Il 15 maggio a pochi giorni dal terremoto, nella seduta appositamente indetta a Milano dal Consiglio Direttivo Nazionale, fu approvato un piano di intervento che sarà realizzato con un primo apporto consistente di offerte in denaro. Fu varato un progetto che prevedeva l’allestimento e il pronto impiego di undici cantieri di lavoro. Inoltre venne lanciata una sottoscrizione le cui somme verranno utilizzate per l’acquisto di materiale edile.

La premiata azienda Ana si rivela organizzata ed efficiente. Dopo due mesi e mezzo di lavoro, tremila case sono rese abili.

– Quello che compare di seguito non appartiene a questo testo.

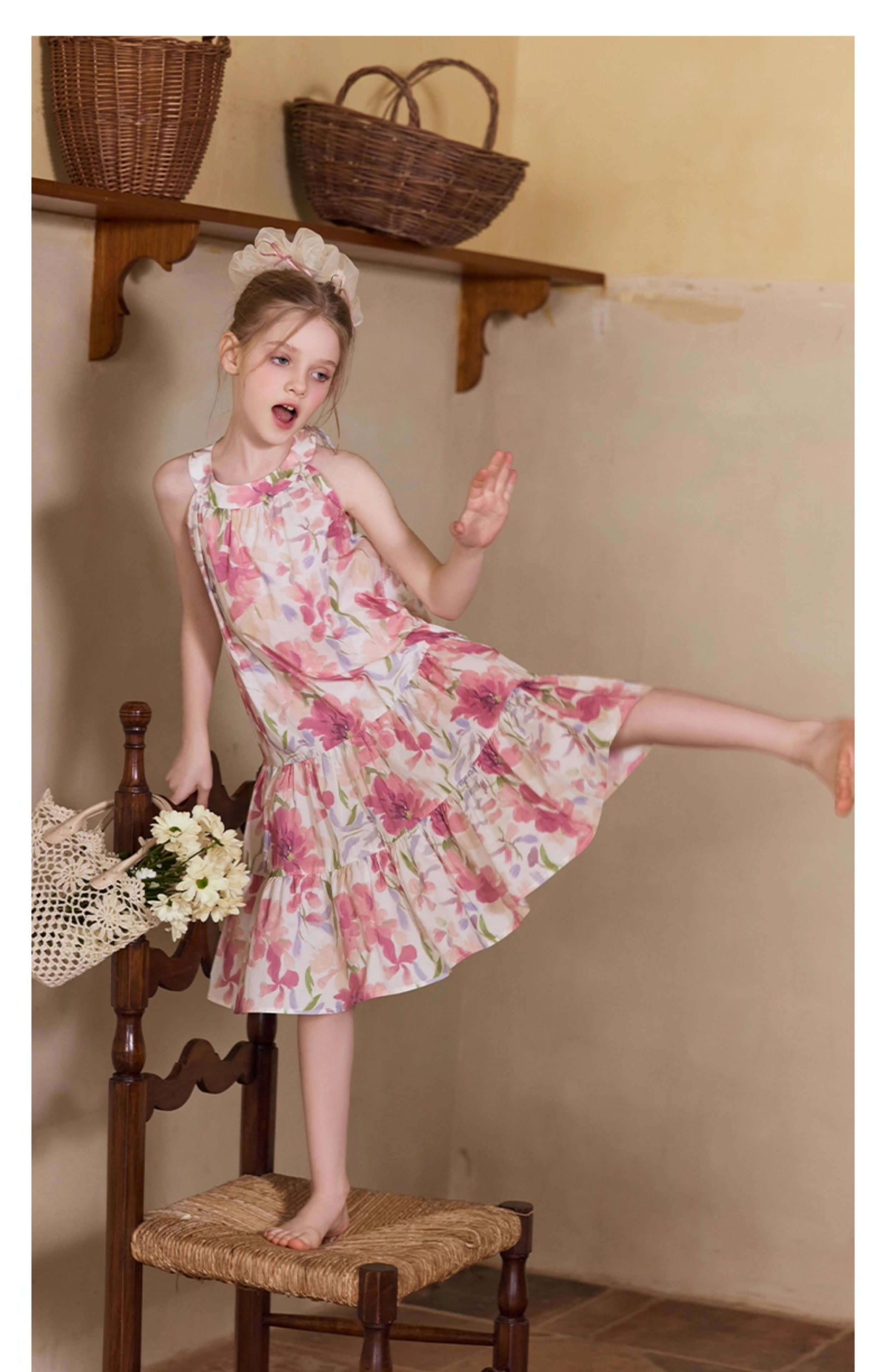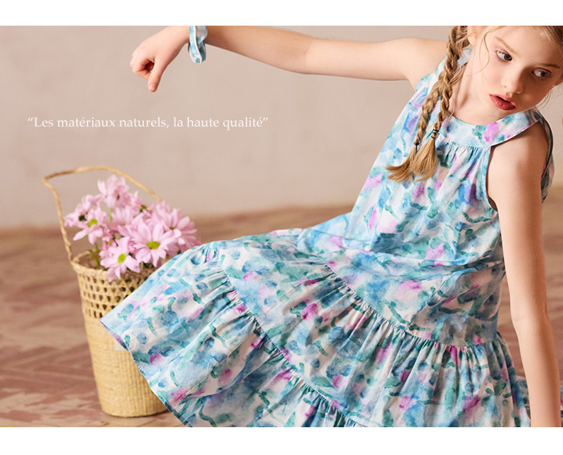 Little Naive連衣裙女童夏季新款純棉碎花裙子兒童無袖慵懶背心裙

A settembre dopo quattro mesi di intensa attività, giunge la comunicazione che il Governo degli Stati Uniti d’America ha predisposto uno stanziamento per la ricostruzione che alla fine ammonterà a 43milioni di dollari e la cui gestione sarà affidata all’Ana.

L’impegnativo mandato ebbe, alla fine, il più ampio riconoscimento da parte del Governo e del Senato americani. Il Friuli è stato un momento drammatico ma essenziale nella vita della nostra Associazione e dell’Italia intera perché gettò le basi per quella realtà che oggi è la Protezione civile nazionale. Per gli interventi in Friuli venne conferita all’Associazione Nazionale Alpini la Medaglia d’Oro al Valor Civile.